Monday, December 06, 2004


Are Schools Really Changing?

America's Changing Classrooms Across "the nation, on the Web and in the home, classrooms are evolving beyond the traditional learning environment with alternatives that are no longer bound by geography and customary modes of operation."

I wonder why the field of education takes so long to change? This CNN site has timelines and information about how schools in the 21st century are rapidly changing with distance learning (videoconferencing), online and at home learning, digital information, visiting museums online, and charter schools all being implemented into school learning environments.
But if you really look around, is this type of learning really that widespread?

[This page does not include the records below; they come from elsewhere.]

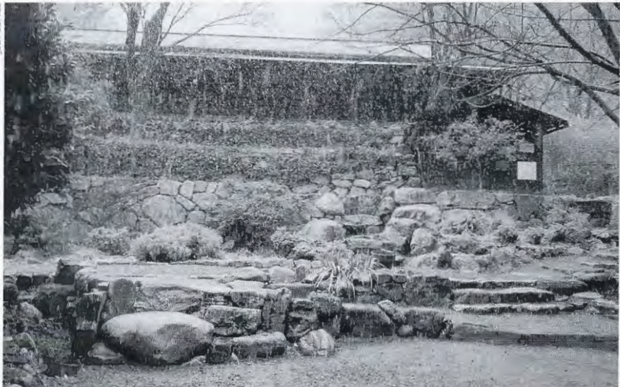
Falling snow and the Tassajara zendo

The first photograph I took was of blue sky. Not even a cloud. I was about three. Hadn't begun talking yet. That photo was my first empty frame, page, canvas, movie screen. The rest of my life has been spent filling and emptying those spaces. Behind it, inside it is the mandala of unconditional being. No duality resides there. It is empty and total. It is unexplored and all known, and for a short time, we wander its byways.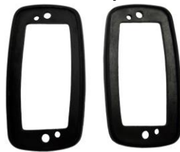
INR1030 L542 Rear Light Rubbers (Pair) (AC Ace)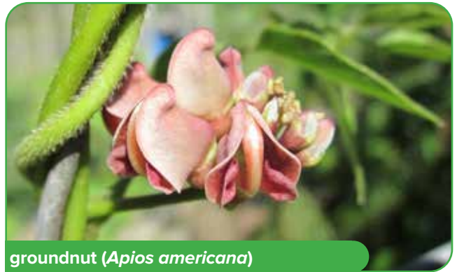
groundnut ( Apios americana )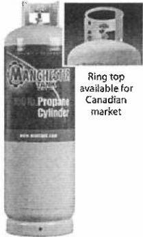
100 LB (POL VALVE) 1428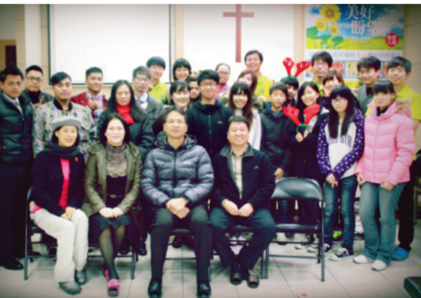
Beitun Church in Taiwan joined the HisHands Movement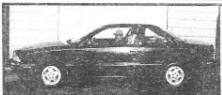
Achieva, auto, AC, 4cyl, Great on Gas only $99 down & $59/week*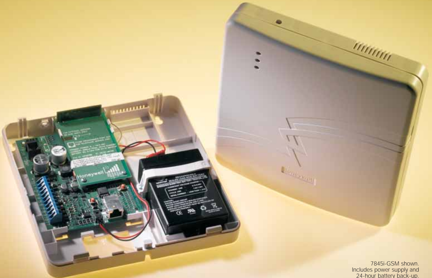
7845i-GSM shown. Includes power supply and 24-hour battery back-up.

The 7845i-GSM combines the Internet communicator with a GSM radio in one convenient device. Our exclusive Triple-Path communications solution delivers added reliability and an extra level of security. Triple-Path Technology provides three paths of communication using the Internet, GPRS, and SMS. The Internet is the primary and least costly way to communicate. Should the Internet be unavailable, the unit can communicate using the GSM network.

Or is it only in isolated places or in isolated schools? If you look at your own school, is it universally in the 21st. century? Or are there some teachers with a vision to take their classes to the next level (or the next century for that matter?) On another note, who makes the call on whether it's advisable to move to the 21st century in education? What I mean is...we're in this century, therefore we have nothing to compare it to in the future; although we do have the past. Is this futuristic way of teaching viable for our students? What I do know is...I don't want to wait until the 22nd Century to find out if moving my students to the next level is a good move or not (I also won't be around to find out). So for those people waiting to see if new teaching methods are "good for our students" it's sometimes okay to TRY IT. And once you've tried it, share your findings. What I find most helpful is brainstorming with other faculty members about what works and what doesn't. Teachers really do try their hardest to pave the way for their students.